2815 John H. Embretsen	2008-09-09 [merge]
      Merging local changes into falcon-team branch.
      
      2008-09-09 Removed redundant test case falcon_select_excerpt.
      http://lists.mysql.com/commits/53589
      2008-09-08 Changes to the test falcon_online_index, based on review comments.
      http://lists.mysql.com/commits/53512
      2008-09-04 Tests for WL#4048 - 'Falcon: On-line add attribute, Falcon handler part' (add/drop index).
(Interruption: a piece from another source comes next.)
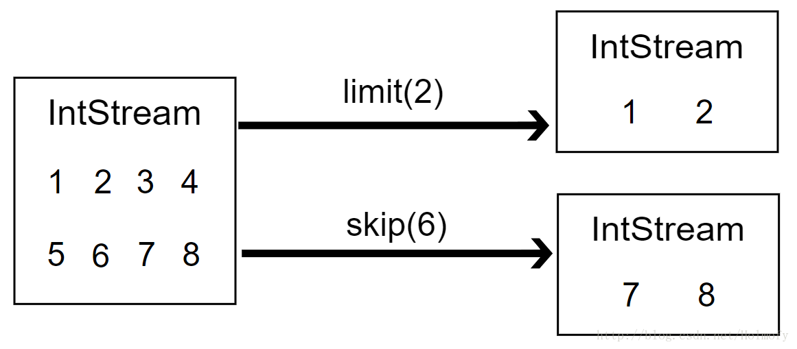 流只能使用(“消费”)一次,一旦调用终断操作,流就不能再次使用,必须重新创建一个流。就像迭代器一样,遍历一遍后,想要再次遍历需要重新创建一个迭代器。

      http://lists.mysql.com/commits/53284
[9 Sep 2008 13:36] Kevin Lewis
I added an explanation for this latest patch by Vlad into Bug#22165, which is the predecessor to this bug.
[10 Sep 2008 21:42] Bugs System
A patch for this bug has been committed. After review, it may
be pushed to the relevant source trees for release in the next
version. You can access the patch from:

  http://lists.mysql.com/commits/53743

2824 Kevin Lewis	2008-09-10
      Bug# Add an exclusive lock on Database::syncScavenge in 
      Database::truncateTable before the lock of Table::syncObject
      just in case the truncateTable process has to call 
      Database::forceRecordScavenge.  syncScavenge must be locked 
      before Table::syncObject because the scavenger does it that way.
      
      According to the Deadlock Detector, syncScavenge must also be 
      locked before Database::syncTables.
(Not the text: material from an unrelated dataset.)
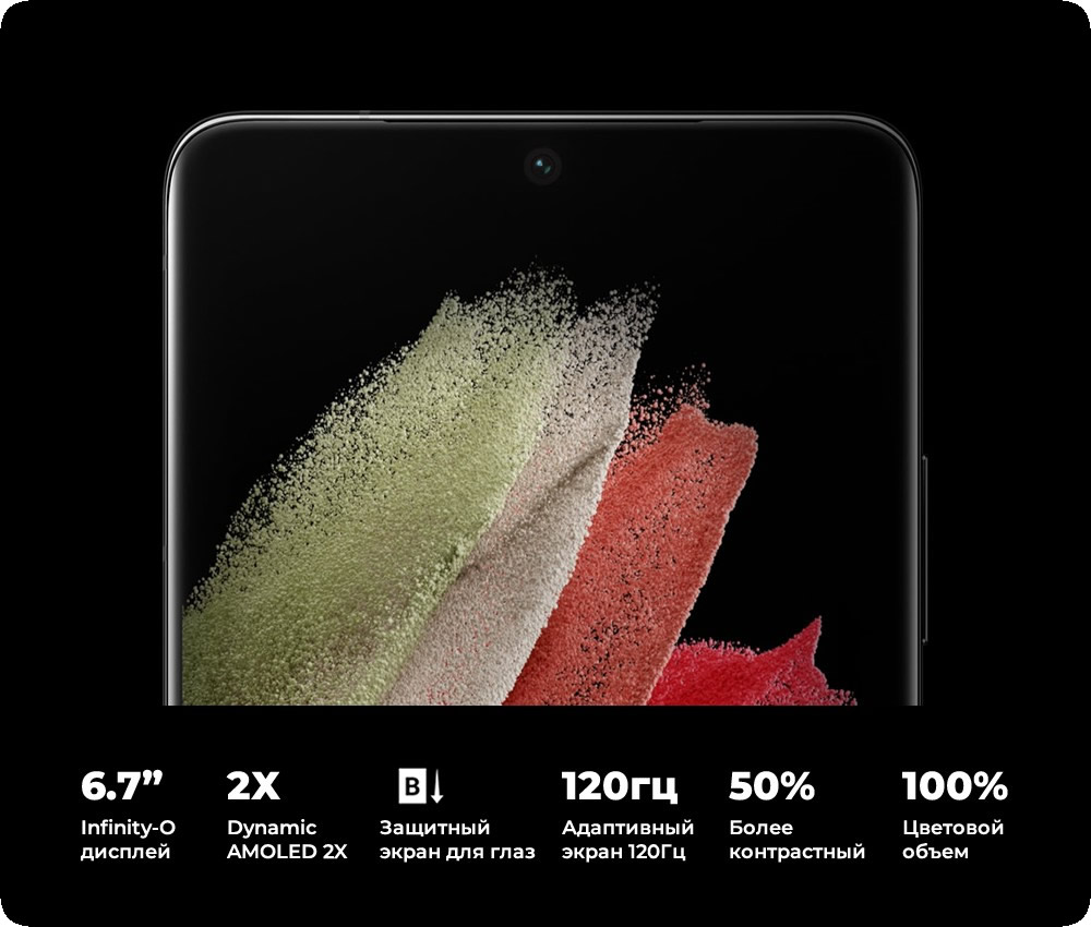 6,8" суперплавный 120 Гц Infinity-O дисплей с технологией Dynamic AMOLED 2x обеспечивает потрясающее качество изображения со 100 % объемом цвета и улучшенной контрастностью. Оптимизация частоты обновления в зависимости от просматриваемого контента снижает нагрузку на батарею. Совместимость с пером S Pen обеспечивает уникальную точность управления. Чтобы обеспечить комфортный просмотр, технология Dynamic AMOLED уменьшает интенсивность «тяжелого» для глаз голубого света, не меняя цветов и оттенков на экране.

[13 Sep 2008 21:20] Bugs System
Pushed into 6.0.7-alpha  (revid:vvaintroub@mysql.com-20080826153602-n97hc033a0j0fs98) (version source revid:hakan@mysql.com-20080725175322-8wgujj5xuzrjz3ke) (pib:3)
[4 Oct 2008 15:06] Jon Stephens
Documented in the 6.0.7 changelog as follows:

        Falcon could hang trying to perform an UPDATE in one transaction while
        waiting for another transaction to be committed or rolled back.